**AIM OF THE EXERCISE:** I'd like the entries repeated exactly, pictures omitted.

**SOURCE DATA:**
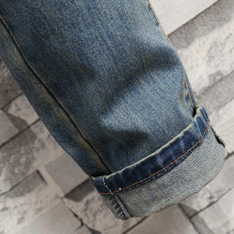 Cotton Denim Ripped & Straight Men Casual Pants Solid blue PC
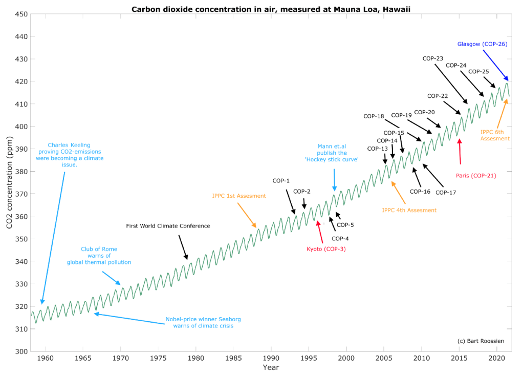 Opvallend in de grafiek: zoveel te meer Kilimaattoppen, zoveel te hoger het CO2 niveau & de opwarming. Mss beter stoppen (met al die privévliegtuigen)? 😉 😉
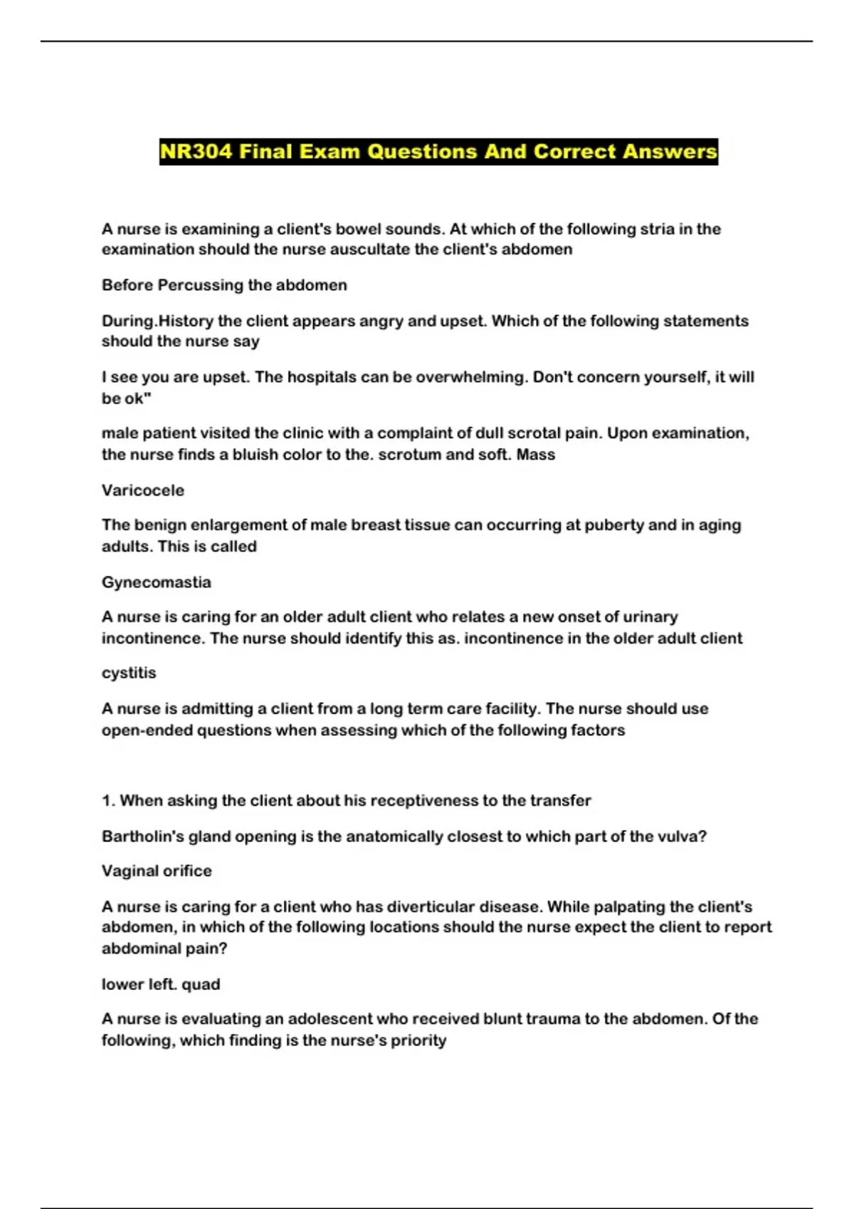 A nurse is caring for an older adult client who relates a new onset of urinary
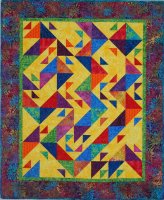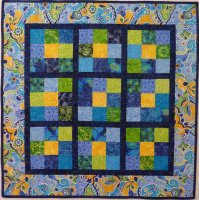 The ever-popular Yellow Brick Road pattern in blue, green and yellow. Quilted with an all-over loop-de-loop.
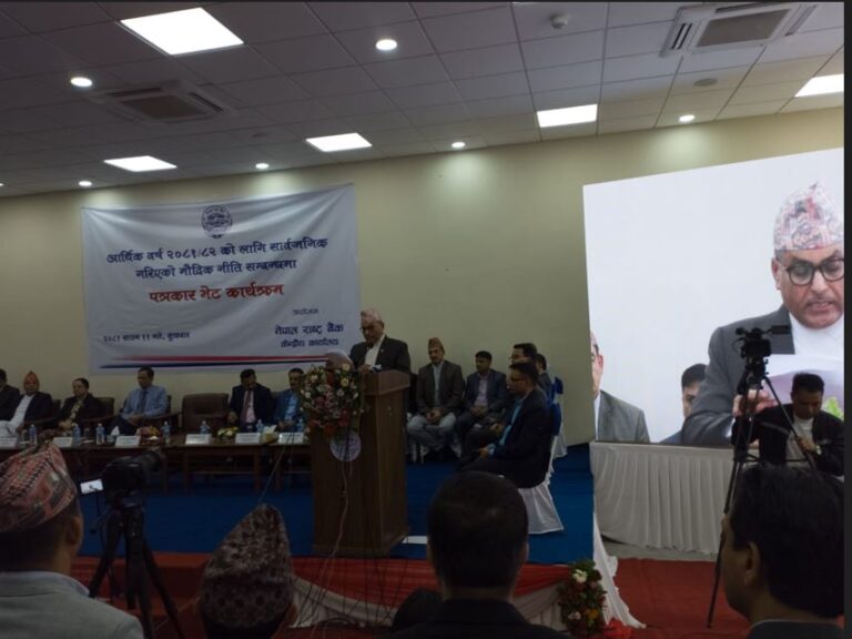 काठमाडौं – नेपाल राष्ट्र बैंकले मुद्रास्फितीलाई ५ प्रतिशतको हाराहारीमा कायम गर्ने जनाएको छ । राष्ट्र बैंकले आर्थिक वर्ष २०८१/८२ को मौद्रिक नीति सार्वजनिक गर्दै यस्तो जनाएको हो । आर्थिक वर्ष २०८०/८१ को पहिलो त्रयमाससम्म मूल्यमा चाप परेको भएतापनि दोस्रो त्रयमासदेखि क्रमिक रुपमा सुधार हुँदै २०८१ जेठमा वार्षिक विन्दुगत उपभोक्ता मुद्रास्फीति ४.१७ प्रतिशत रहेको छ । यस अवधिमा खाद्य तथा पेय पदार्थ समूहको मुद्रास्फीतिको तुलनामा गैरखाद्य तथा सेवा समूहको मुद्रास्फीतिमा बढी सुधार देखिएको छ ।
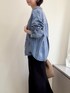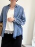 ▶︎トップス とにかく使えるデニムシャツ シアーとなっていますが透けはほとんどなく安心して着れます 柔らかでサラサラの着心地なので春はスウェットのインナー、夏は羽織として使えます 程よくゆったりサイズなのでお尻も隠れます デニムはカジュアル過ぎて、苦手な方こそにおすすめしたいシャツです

**RESULT FOR THIS TASK:**
 Cotton Denim Ripped & Straight Men Casual Pants Solid blue PC
 Opvallend in de grafiek: zoveel te meer Kilimaattoppen, zoveel te hoger het CO2 niveau & de opwarming. Mss beter stoppen (met al die privévliegtuigen)? 😉 😉
 A nurse is caring for an older adult client who relates a new onset of urinary
 The ever-popular Yellow Brick Road pattern in blue, green and yellow. Quilted with an all-over loop-de-loop.
 काठमाडौं – नेपाल राष्ट्र बैंकले मुद्रास्फितीलाई ५ प्रतिशतको हाराहारीमा कायम गर्ने जनाएको छ । राष्ट्र बैंकले आर्थिक वर्ष २०८१/८२ को मौद्रिक नीति सार्वजनिक गर्दै यस्तो जनाएको हो । आर्थिक वर्ष २०८०/८१ को पहिलो त्रयमाससम्म मूल्यमा चाप परेको भएतापनि दोस्रो त्रयमासदेखि क्रमिक रुपमा सुधार हुँदै २०८१ जेठमा वार्षिक विन्दुगत उपभोक्ता मुद्रास्फीति ४.१७ प्रतिशत रहेको छ । यस अवधिमा खाद्य तथा पेय पदार्थ समूहको मुद्रास्फीतिको तुलनामा गैरखाद्य तथा सेवा समूहको मुद्रास्फीतिमा बढी सुधार देखिएको छ ।
 ▶︎トップス とにかく使えるデニムシャツ シアーとなっていますが透けはほとんどなく安心して着れます 柔らかでサラサラの着心地なので春はスウェットのインナー、夏は羽織として使えます 程よくゆったりサイズなのでお尻も隠れます デニムはカジュアル過ぎて、苦手な方こそにおすすめしたいシャツです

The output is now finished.